They all turned to the old man as he lowered the steaming mug from his lips. Ralph waited with a confident grin plastered onto his narrow face. Jerry took a deep breath of contemplation. “I think she can take care of herself.”
Ralph’s mouth dropped as he let the axe fall from his shoulders to swing back down to the ground. “Oh, come on!” he whined. It was one of the rare times he showed his true, young age. “There’s no way you actually believe that!”
“That’s the way the world works now, kid. If it makes you feel any better she might get herself killed, maybe Liam, because he’ll do anything to protect her, but that’s about it.” With that, Jerry walked off down the stairs and back to his apartment to sit on the porch with his shotgun and coffee cup.
The air was electric as Ralph glared at the thin blonde. He snorted and shook his head before bounding down the stairs two at a time, his axe clanking against the wrought iron railing.
Christine’s face turned red and she struggled to take in a full breath. What if Ralph and Jerry were right? Maybe she shouldn’t go. She looked to Liam and, without a word, could tell that he was concerned about the same thing. His face was steady, but his eyes always gave him away. They wouldn’t meet hers.
Zack was the only one who wasn’t fazed by what Jerry said. He waved the comment off. “Pft,” he pushed out from his mouth. “Don’t listen to him. You’ll be aces.”

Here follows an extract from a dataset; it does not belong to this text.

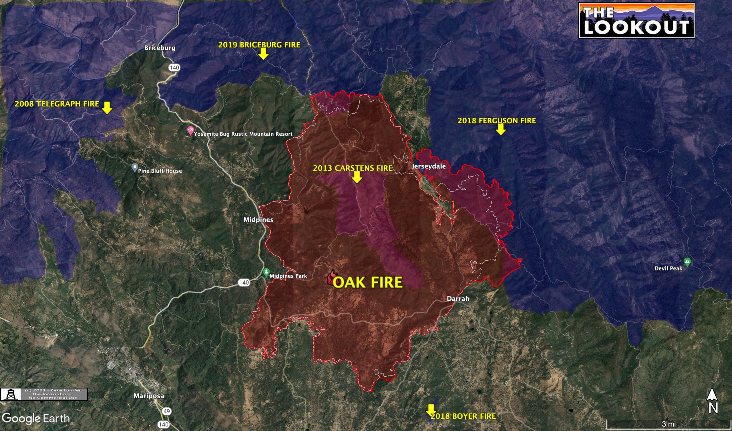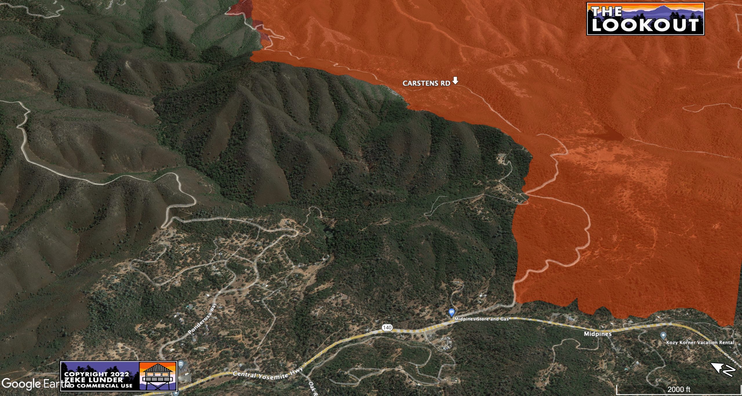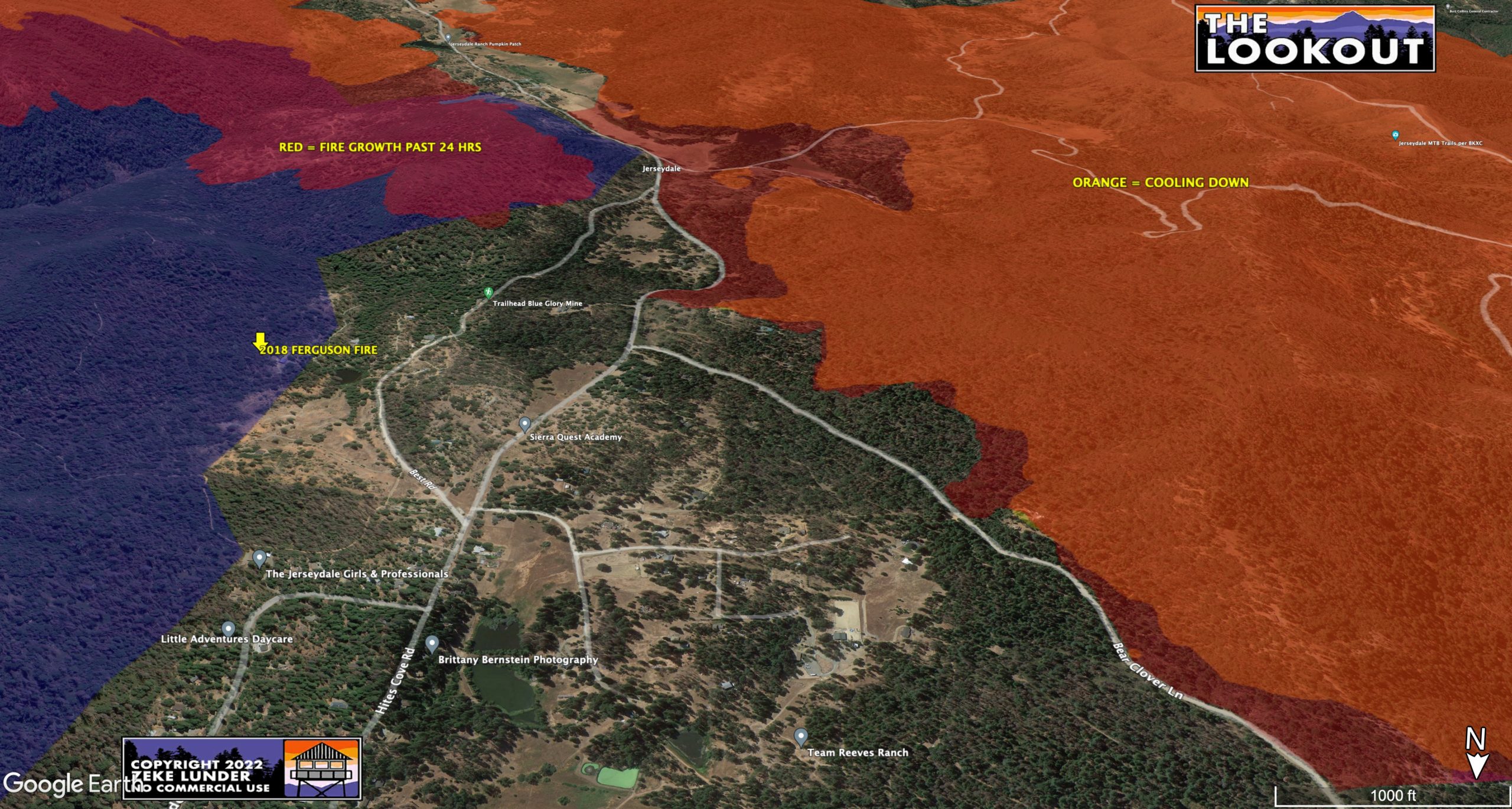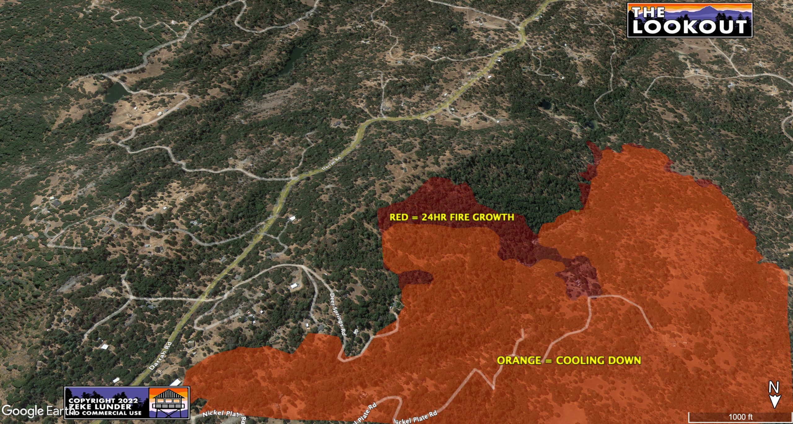 *Our Lookout fire maps are high resolution. Click the maps to open them in a separate window, there you can zoom and scroll around the map to take a closer look around the fire. This is especially helpful to know while viewing our maps on cell phones*

She took the same steadying breath as when she released an arrow from the longbow, just like she practiced. “We’re all going to be fine,” she whispered to herself as she exhaled. “We’re all going to be fine.”
“It’s easy for Jerry to say,” Ralph came around once the others caught up to him. “I bet his back doesn’t even hurt anymore, the lying bastard.”
They all forced a chuckle as they walked down the stairs and out of building six. There was a slight overcast that day as billowy gray clouds drifted in front of the sun. The wind kicked up and pushed against the group with blustery force before dying down again. The leaves on the trees clung to the branches for dear life until the next gust of chilled air blew through.
Once her feet touched the pavement of the parking lot, Christine’s heart began to race right out of her chest and up into her throat. She looked around in search of the cause for the rapid onset of panic, but there was nothing out of the ordinary. Everything around her was calm and they were alone.
She took a few more steps and all at once she realized what it was that made her heart pound. It was the farthest she’d been away from the apartment in two months. She used to think, when locked in the apartment, that that moment of revelation would uplift her spirits, but instead she cowered at the expansive grounds. It felt unnatural to be outside, exposed and vulnerable. She tried to steady her wobbly knees as she watched the guys walk ahead without her. She shoved her hands into the pockets of her hoodie so no one would see them shake.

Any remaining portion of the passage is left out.